Measurement errors in rock breakdown pressure and closure pressure can lead to significant variations in the calculated maximum and minimum horizontal principal stresses, severely impacting the accuracy of hydraulic fracturing-based in-situ stress estimation (Wang et al., 2017). Accurately determining rock breakdown pressure and closure pressure has long been a challenging task. Reducing the errors in in-situ stress calculations caused by influencing factors such as fracturing fluid flow rate, viscosity, density, and compressibility – and establishing corresponding error compensation models – necessitates the application of machine learning and deep learning methods. This paper constructed a dataset based on laboratory hydraulic fracturing simulation experiments. For relatively small-scale datasets, we employed a multi-layer perceptron (MLP) with K-fold cross-validation (KFold) to develop correction models for breakdown pressure and closure pressure. This approach demonstrates high data utilization efficiency and stable performance evaluation, exhibiting certain advantages over other machine learning models. The proposed method holds significant theoretical and practical value for precise regional stress profile estimation, crustal stability assessment, earthquake prediction, and mine strata stability evaluation.
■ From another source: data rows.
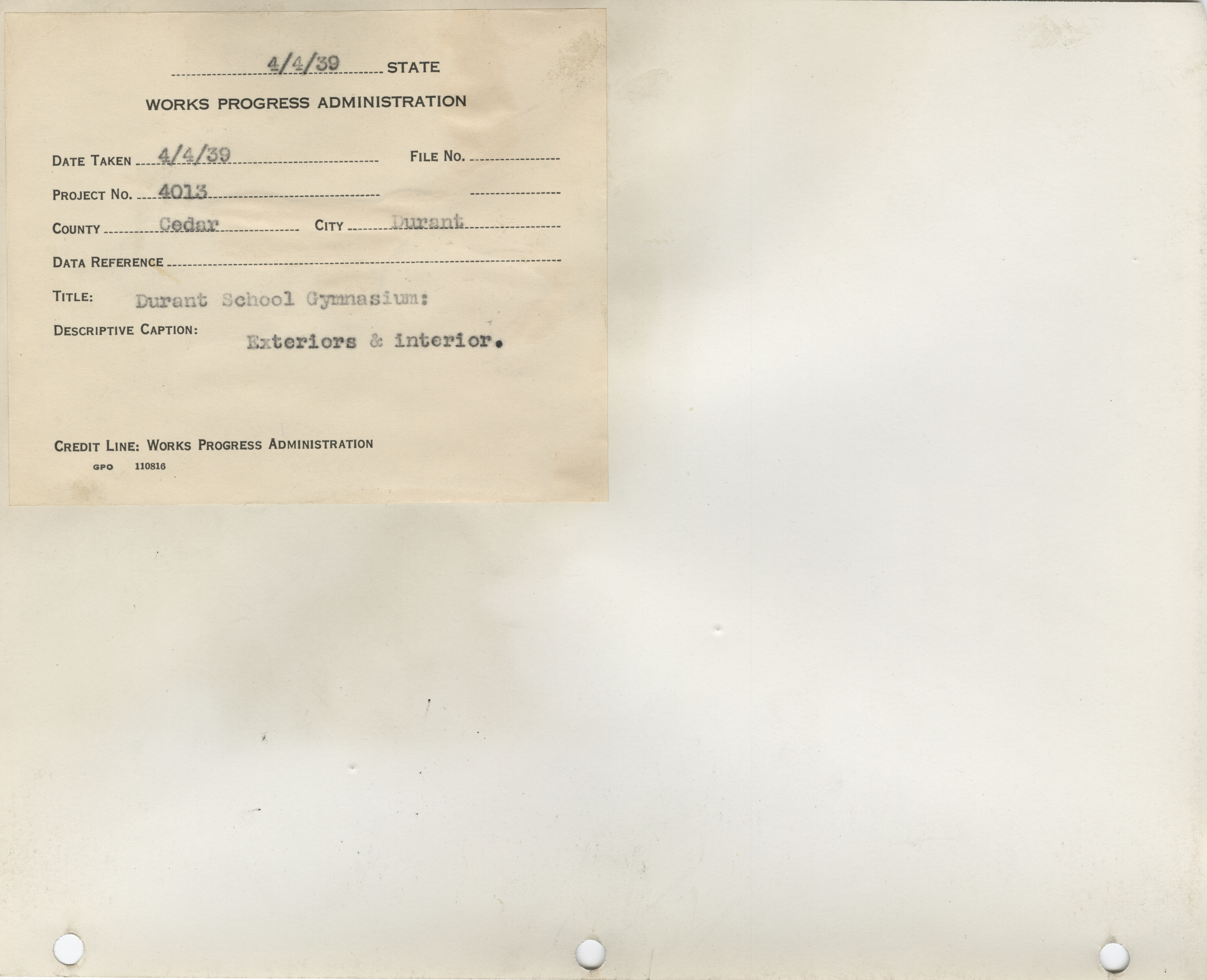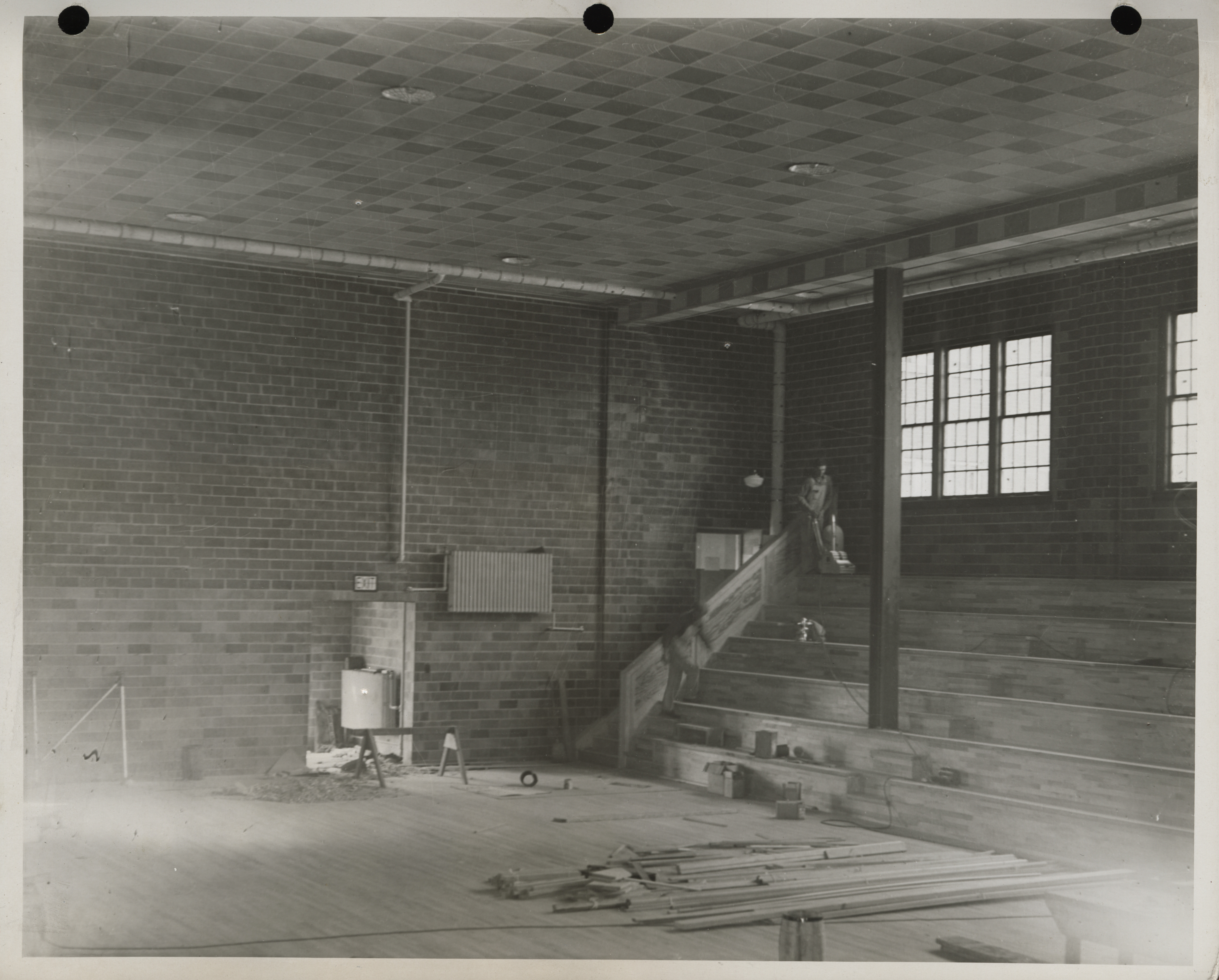 - School Buildings. Cedar County. Durant. School Gym. Project 4013. (8 b/w photographs), 1938-1939
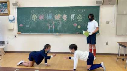 体育委員さんは、よい姿勢のための【トレーニング】を教えてくれました。
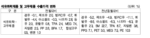 표, 그래프: < 석유화학제품 및 고무제품 수출가격 변화 > <화학저널 2013/09/11> |

2 Principle of hydraulic fracturing in-situ stress testing

The classical hydraulic fracturing theory, based on the plane strain theory of elasticity, was proposed and refined by Haimson (1968). This theory is based on three key assumptions: First, rocks are considered to be homogeneous, linearly elastic, and isotropic materials, which means that the mechanical properties of rocks are the same in all directions, and there is a linear relationship between stress and strain; second, rocks are assumed to be porous media, and the fluid flow within the pores follows Darcy's Law, which states that the fluid flow rate is directly proportional to the pressure gradient; finally, it is assumed that one of the principal axes of the in-situ stress is parallel to the borehole axis. Based on these assumptions, the fractures induced by hydraulic fracturing are vertical and perpendicular to the direction of the minimum horizontal principal stress, as shown in Fig. 1.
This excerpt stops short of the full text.